A bit more on global debt issues, spurred by the @petersgoodman article.

As noted in the NYT, debt service deferral cannot be the only way to help low income countries, as not all low income countries are highly indebted.

Yet some countries really do have too much debt

1/x
As the chart above shows, African countries borrowed heavily between 2010 and 2019 -- so external debt, net of reserves, rose from around $100b to over $400b ...

That's a problem now, as exports (needed to repay external debt) are down. External debt is now 2x exports

2/x
And since most of the new debt has come from Chinese policy banks and the bond market not traditional bilateral lenders or the MDBs, it carries a fairly high (for Africa) interest rate. Interest payments are rising faster than total debt

3/x
Focusing narrowly on public debt to GDP imo misses the real problem: project finance often is off the public balance sheet, and a lot of Africa's externa debt carries a relatively high interest rate. Interest payments relative to exports are back at pre-HIPC levels

4/x
The G-20's DSSI tried to treat all low income debt countries debt uniformly, but it didn't really work.
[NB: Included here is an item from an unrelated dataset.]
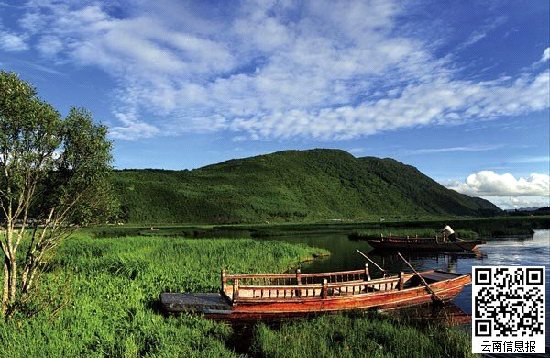 腾冲市北海湿地保护区四面环山,地理位置特殊,属高原火山堰塞湖生态系统,大片漂浮于水面的陆地,犹如五彩缤纷的巨型花毯,具有生物多样性复杂、生产力极高的特征。北海湿地如同“水上草原”, 水草密密麻麻,盘根交错在一起,日复一日,年复一年,旧草腐烂,新的长在腐烂的草根上,最后形成整片的草甸浮在水面上,宛如一个一个的小草岛。当地人经常把切开的一小块草排当竹筏子来划,或是捕鱼虾。泛舟湖面,空气里飘着草叶的清香,芦苇丛中不时传来嘎嘎的野鸭叫,清新的空气宛若置身在大草原。

The bulk of both China's debt and bonded debt is concentrated in 10 of the 70 countries. The distribution is not uniform ...

5/x
For the heavily indebted countries (Angola, where the IMF continues to ignore the concerns about sustainability in its program; Zambia; Laos, Mozambique and probably others) the modest short-term payments deferral provided by the DSSI is simply insufficient.

6/x
For others, deferring payments in 2020 and the first half of 2021 for 2-3 years only adds to the debt service spike created by the pattern of existing bond amortizations. It doesn't actually help much -- a broader restructuring is needed to give time for a real recovery

7/x
And finally for the bulk of the DSSI countries, even with full Chinese policy bank participation, there just isn't that much bilateral debt coming due. Help needs to come through different channels

8/x
That is why in my view it was a mistake to think of debt service suspension as the primary way of supporting low income countries in a pandemic.

the debt service deferral should serve a different purpose ...

9/x
Namely, the deferral of debt service in is needed to assure that the necessary mobilization of international concessional resources to help fight the pandemic doesn't go to the repayment of Chinese or commercial debts (especially in countries with high debt levels).

10/x
These points are discussed, tho perhaps more obliquely, the interim report of the Group of Thirty

11/x

https://group30.org/publications/detail/4799
Peter Goodman did the world a service by drawing attention to the limited nature of the global response.

The low interest rates in advanced economies don't flow naturally through to low income countries. That takes international institutions!